Planer First, Then Jointer
The thickness planer. As I just explained, a jointer is not that useful on its own. It must be used in conjunction with a planer and a table saw. A planer, on the other hand, can at least be used to make boards thinner, if not flatter. And that’s pretty useful.
There are also some clever ways to flatten short boards in a planer using sleds. I’ve even successfully flattened a slightly cupped hardwood board by taking very light passes so the rollers won’t affect it much.
These aren’t ideal circumstances, but if you’re a weekend woodworker who doesn’t go through a lot of wood, it sure beats working with off-the-shelf stock that’s not straight or flat.
Where Does a Drum Sander Fit In?
Now, where does a drum sander come in? Some folks think this is just a machine for making surfaces smooth. But just as a planer is better called a thickness planer, a drum sander is better called a thickness sander.
If you work with very thin workpieces, a thickness sander may be a better option because most planers can only go down to 3/16 or 1/8 inch at most, and they can shatter your thin stock if the grain isn’t just right.
A planer will also struggle with figured grain. Upgrading to a helical cutterhead will help a great deal, but a drum sander will not tear out even the most delicate grain.
Few weekend woodworkers use really thin stock or highly figured grain. But many small workshops make end-grain cutting boards. If you’ve ever tried to feed one of those through a planer and had it explode, you know how sketchy that can be. A drum sander is a much more effective and safer tool for end-grain surfaces.
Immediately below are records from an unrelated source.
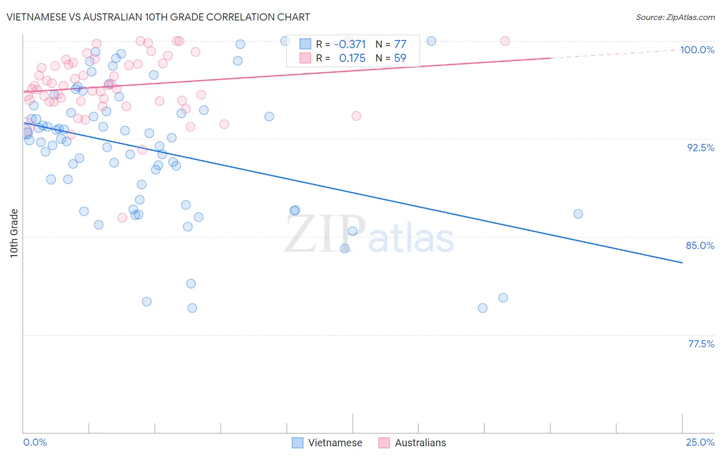The statistical analysis conducted on geographies consisting of 170,728,240 people shows a mild negative correlation between the proportion of Vietnamese and percentage of population with at least 10th grade education in the United States with a correlation coefficient (R) of -0.371 and weighted average of 90.9%. Similarly, the statistical analysis conducted on geographies consisting of 224,153,693 people shows a poor positive correlation between the proportion of Australians and percentage of population with at least 10th grade education in the United States with a correlation coefficient (R) of 0.175 and weighted average of 95.1%, a difference of 4.6%.
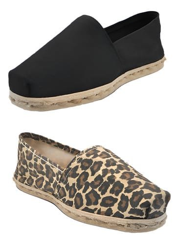 Pack de alpargatas iberia con modelos de color negro y otro de color animal print con un rango de talla 34 a 39.
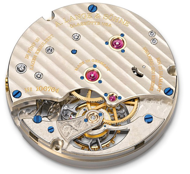 Механизм новых часов 1815 Tourbillon также оснащён этим запатентованным устройством, часть деталей которого можно разглядеть в окне циферблата. Однако на этот раз конструкторы механизмов Lange пошли ещё дальше, добавив к устройству остановки секундной стрелки также запатентованное устройство Zero-Reset. Оно заставляет маленькую секундную стрелку, изготовленную из воронёной стали, мгновенно перепрыгнуть в нулевое положение, как только заводная головка вытаскивается для коррекции времени.
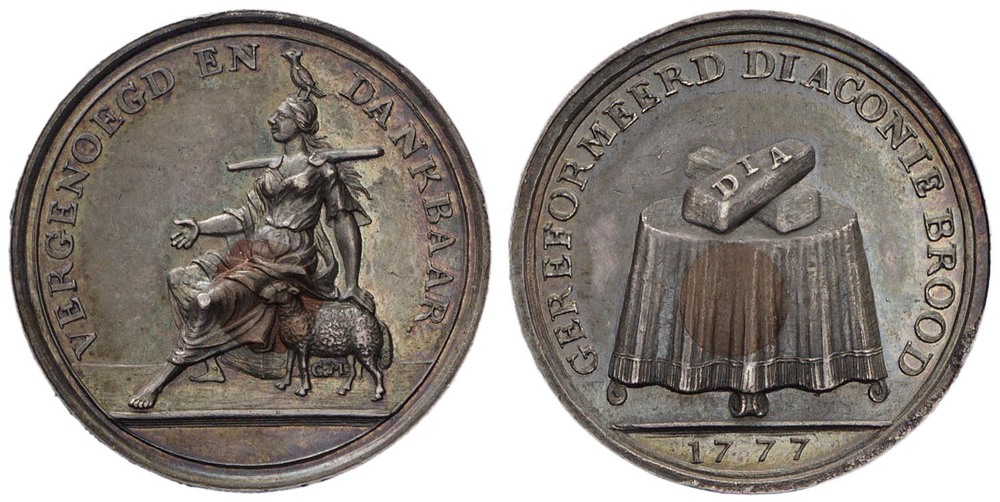 keerzijde: een tafel met gedrapeerd tafelkleed, daarop twee gekruiste broden waarop de letters DIA. Omschrift. Onder de afsnede een jaartal.
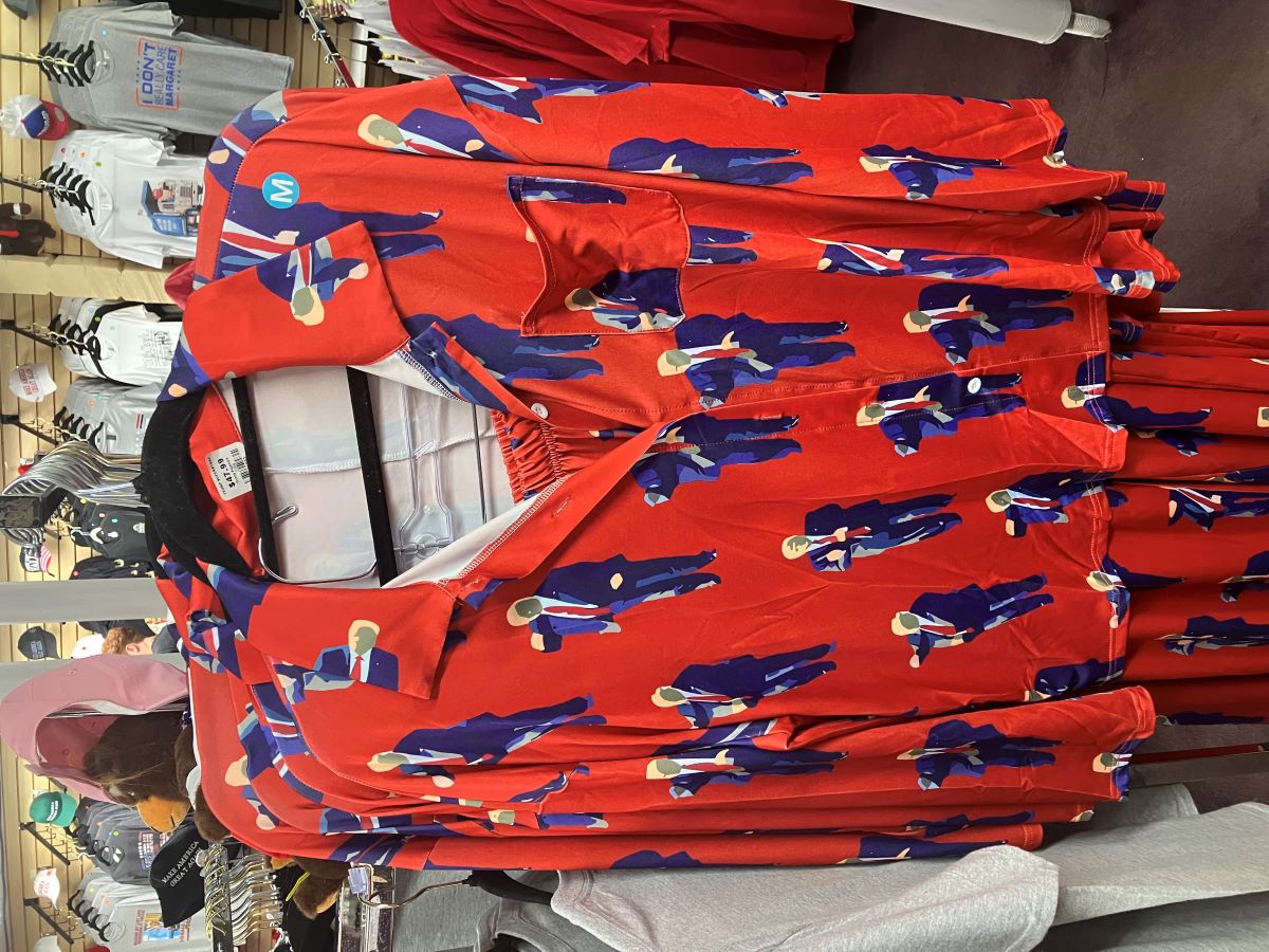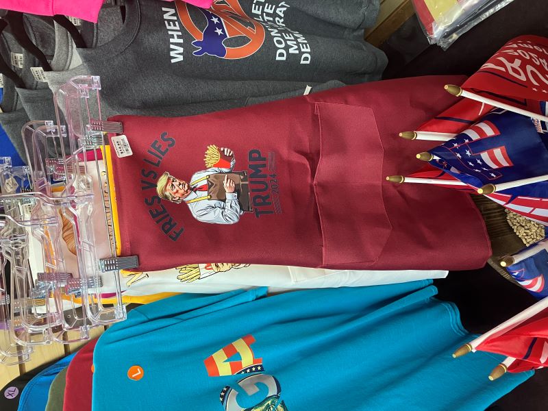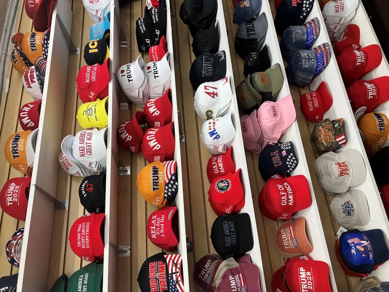 6 év körüli kislány érdeklődik a szüleitől, mi az hogy fejbólogató bábu… Trump sok változatban és öltözetben, pózban ingatja rugósan a fejét, ami nagyon tetszik a kislánynak. Két-dolláros és 50-es Trump fake pénzes dobocskák, aminek furcsasága, hogy a nyomtatás éve 2020. Hisz akkor éppen elvesztette a választást. De hát ő, és rajongói tábora egyáltalán nem így élte meg azt az elnökválasztást, amelyben Bidenhez szegült a szerencse. Mindenesetre zászlók hirdetik felirattal: elcsalt választás. Egy baseball sapkán: Trumpnak mindenben igaza van. Csecsemő ruha a Fehér Ház előtt karba tett kézzel álló Trumppal. Felirat: Apuci otthona. A piros férfipizsamán hemzsegnek a kis Trumpok, többféle pózban. A konyharuhán ez a szöveg áll: Fries vs Lies – azaz Sültkrumpli vagy hazugságok. A mekis krumplit maga Trump kínálja. Bőven vannak még áruk a Trump Elon Musk háború előtti időkből is, az egyik pólón a világ leggazdagabb emberét a 90-es évekből ismert Edward Scissorshands film szereplőjeként látjuk viszont, mint ollókezű Elon. Szépen megmunkált öngyújtó is van DOGE felirattal, pedig hát az Elon Musk-féle takarékossági program, a DOGE sok áldozatot szedett, sokak életét döntötte nyomorba. S aminek betudhatóan a Tesla ma – mondhatni – romokban, a tüntetéseken felgyújtott, megrongált autók látványa letörte a Tesla részvények árfolyamát is.
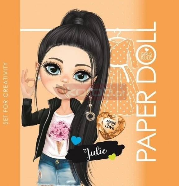 Papierowa lalka do zabawy - Julie. W środku znajdziesz wiele różnych strojów, w które możesz ją przebrać. Pokoloruj ją, a następnie wytnij z książeczki, potem ubierz - zaginając specjalnie zaznaczone krawędzie. Stroje mają wyraźne oznaczenia pokazujące, gdzie wyciąć, aby ubrania pasowały na lalkę. Baw się nimi opowiadając najróżniejsze historie. Potem możesz przebrać lalkę i zacząć zabawę od nowa. Wyprodukowano na Ukrainie.
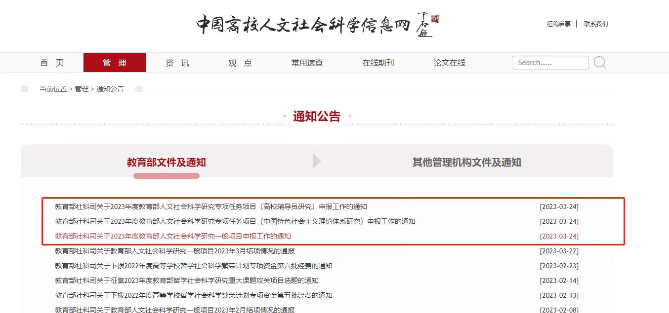① 教育部社科司关于2023年度教育部人文社会科学研究一般项目申报工作的通知
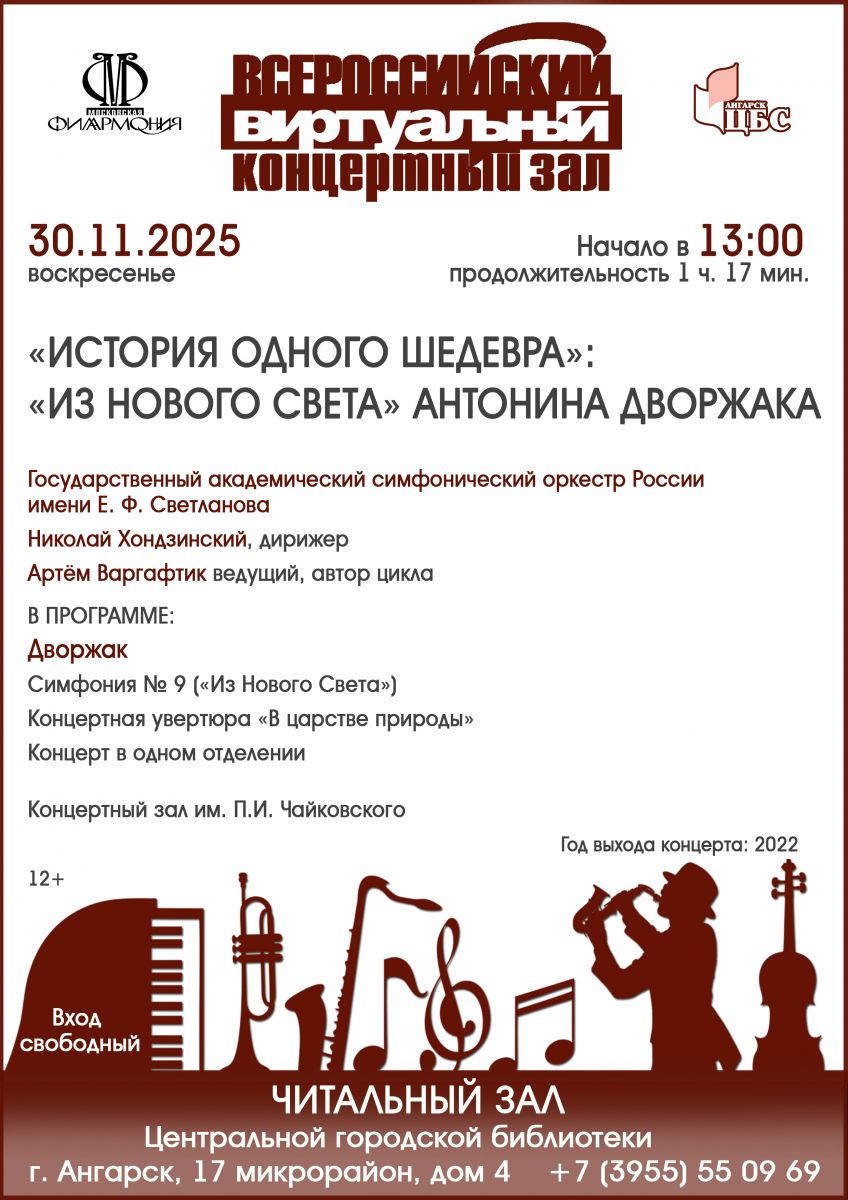 В программе – симфония № 9 «Из Нового Света», последняя симфония композитора, и концертная увертюра «В царстве природы». Музыкальные произведения прозвучат в исполнении Государственного академического симфонического оркестра России имени Е. Ф. Светланова под управлением дирижера Николая Хондзинского. Ведущий – Артем Варгафтик.
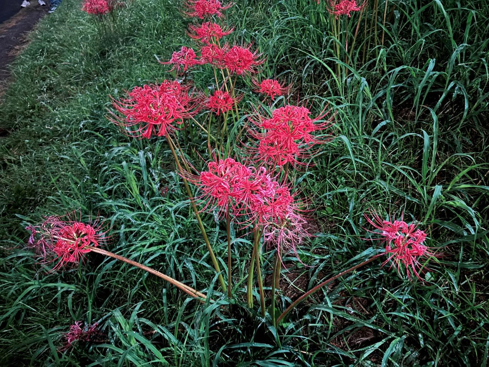花火大会終了後、秋を感じる夜風に当たりながら、河川敷を降りると多くの彼岸花が咲いていました。
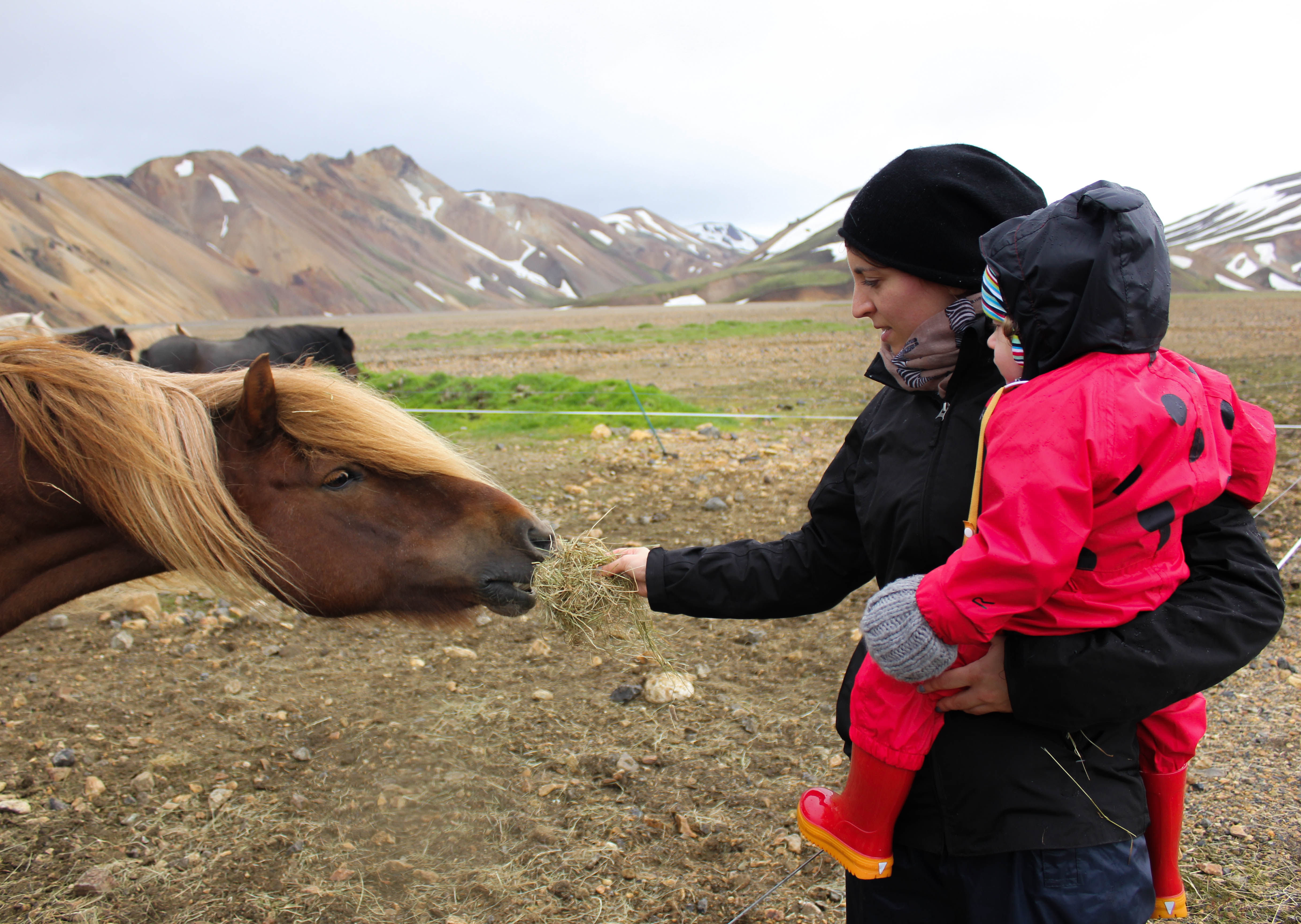 Toutes les bonnes choses ayant une fin, nous reprenons le chemin du retour, et redescendons vers le campement de base. Cela fait déjà un petit bout de temps que nous sommes partis (enfin, 2h quoi), et on ne voudrait pas tirer trop sur nos organismes, et jouer trop avec la bonne volonté de Léon. Mais que dire de plus si ce n’est que nous n’avons aucun regret d’être venus, que ce site est absolument splendide! Arrivés proche du campement, nous faisons une halte près de chevaux, c’est toujours l’occasion de passer un bon moment pour notre petit bonhomme, mais aussi pour nous, qui n’avions pas encore pu approcher de près les fameux chevaux islandais. Oui, un nouveau symbole, c’est ça!
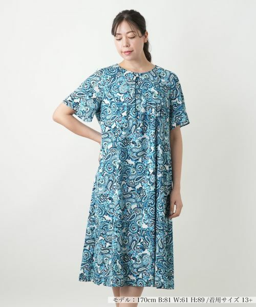 繊細な曲線が重なり合う、オリエンタルなペイズリー柄が印象的なフレアワンピース。エキゾチックな華やぎを日常に添える、存在感のあるデザインです。伸縮性に優れたパワーネット素材を使用し、軽やかな着心地と美しいドレープを叶えています。シルエットは、ウエストをさりげなくシェイプしながらも、裾にかけてふんわりと広がるフレアラインが特徴。動くたびに表情を変え、夏の空気を纏うような一着に仕上げました。背中ファスナー仕様で着脱もスムーズ。

Can a Drum Sander Replace a Planer?
Can a drum sander replace a thickness planer altogether? Not really, because even coarse sandpaper is slow. It would take many, many passes to reduce the thickness of a board by more than an eighth of an inch, and pine will gum up your expensive sandpaper fast. Besides, the dust a sander makes is less desirable than the chips a planer makes, for obvious reasons.
In Summary
Of the three tools—the jointer, planer, and drum sander—the planer should be your first purchase. But understand its limitations and know that it won’t take the place of a jointer completely. With patience and the proper jigs, you may be able to get by with just the planer. But in time, I would consider the jointer as your next purchase. Finally, a drum sander is a specialty tool that you may not need at all.
I hope this clears up some of the confusion.